Another important contributor to the new discussion is David Gelernter of Yale. I have earlier raised questions about his near-identification of Puritanism with Judaism in American history (see Public Square, FT February). Now he has gone considerably farther with an essay in Commentary, “Americanism—and Its Enemies.” Gelernter writes, “By Americanism I mean the set of beliefs that are thought to constitute America’s essence and to set it apart; the beliefs that make Americans positive that their nation is superior to all others—morally superior, closer to God.” He goes farther still: “Americanism is in fact a Judeo-Christian religion; a millenarian religion; a biblical religion. Unlike England’s ‘official’ religion, embodied in the Anglican church, America’s has been incorporated into all the Judeo-Christian religions in the nation.” America is a religion that has been incorporated into other religions? The suggestion of syncretism is pronounced—or, as one reads on, the suspicion arises that Americanism has in some way displaced the other religions. One wonders if this is a new version of “supersessionism,” an idea excoriated in Jewish-Christian dialogue.

Gelernter writes: “I believe that Puritanism did not drop out of history. It transformed itself into Americanism. This new religion was the end-stage of Puritanism: Puritanism realized among God’s self-proclaimed ‘new’ chosen people—or, in Abraham Lincoln’s remarkable phrase, God’s ‘almost chosen people.’” Lincoln’s is indeed a remarkable phrase, but the “almost” seems to get lost in Gelernter’s account. In the nineteenth and early twentieth centuries, Reform Jews who rejected the Zionist idea of a Jewish state declared that “America is our Zion.” Gelernter appears to have moved beyond that. “We can go further. To sum up Americanism’s creed as freedom, equality, and democracy for all is to state only half the case. The other half deals with a promised land, a chosen people, and a universal, divinely ordained mission. This part of Americanism is the American version of biblical Zionism: in short, American Zionism.” He says he is working on a “Thanksgiving Haggadah” that will recite the providential story of America including the “repeated reenactments of the Exodus that make up America’s history.” The Haggadah is, of course, the Passover retelling of God’s liberation of the children of Israel, similar to the Anamnesis in the Eucharist that recites the saving deeds of God in Christ.

“And so,” writes Gelernter, “we circle back to the beginnings of Protestantism, which begot Puritanism, which begot Americanism.” There is no room for Catholicism in this telling of the story. “Papism” and Anglicanism’s compromise with papism are the Pharaoh from which God delivered his Puritans who begot Americanism. That aspect of Gelernter’s American religion is troubling, to put it delicately, but many will be even more troubled by the hubris of Americans being “positive that their nation is superior to all others—morally superior, closer to God,” that America is “a promised land, a chosen people, and [has] a universal, divinely ordained mission.” The promised land? The chosen people? More than all others? Presumably Gelernter, being a Jew, would not say so, although I am not sure.
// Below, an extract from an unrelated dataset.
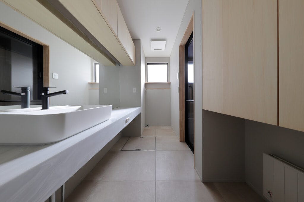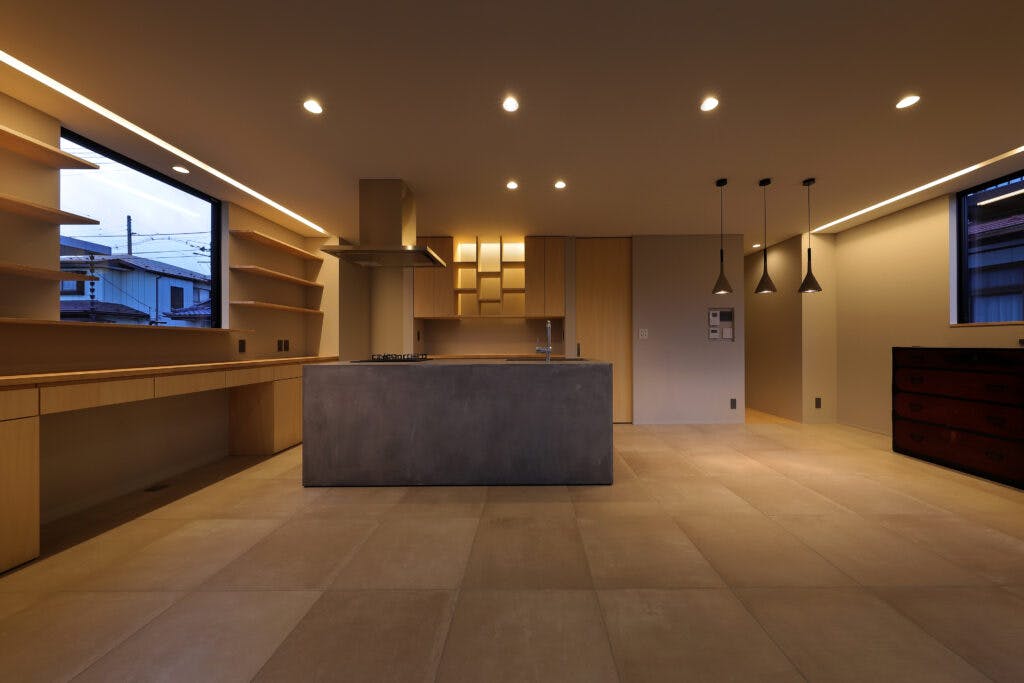モールテックスの色合いがおしゃれなで洗練された空間によく映えていますね。

Certainly, Christians must not say so. Christ and his body the Church is our first community, prior in time and prior in allegiance. Jews can speak to the Haggadah, but an American Anamnesis is, not to put too fine a point on it, idolatry. It is a welcome development of great importance that thinking about America and Providence is receiving renewed attention. The direction pointed by David Gelernter, however, ends up in conclusions that contributed to discrediting such thinking in the past. For a far more promising way of exploring these questions, I recommend Steven Webb’s American Providence.

Interests, Ideals, and World War IV

What to make of Andrew Bacevich’s long article in the Winter 2005 issue of The Wilson Quarterly, “The Real World War IV”? The editor of the WQ, Steven Lagerfeld, seems a bit nervous about publishing it, concluding his introductory note with this: “It’s a provocative argument, from a writer whose thinking never fails to command our interest.” I have no problem with that. Bacevich, who teaches at Boston University, has published in these pages, but in the last couple of years has taken an isolationist turn and seems more at home publishing in Pat Buchanan’s American Conservative. He has been a vigorous, some would say strident, opponent of the Bush doctrine following September 11, and his WQ article aims to counter the arguments of Norman Podhoretz and others who have promoted the idea that we are engaged in World War IV and must win it.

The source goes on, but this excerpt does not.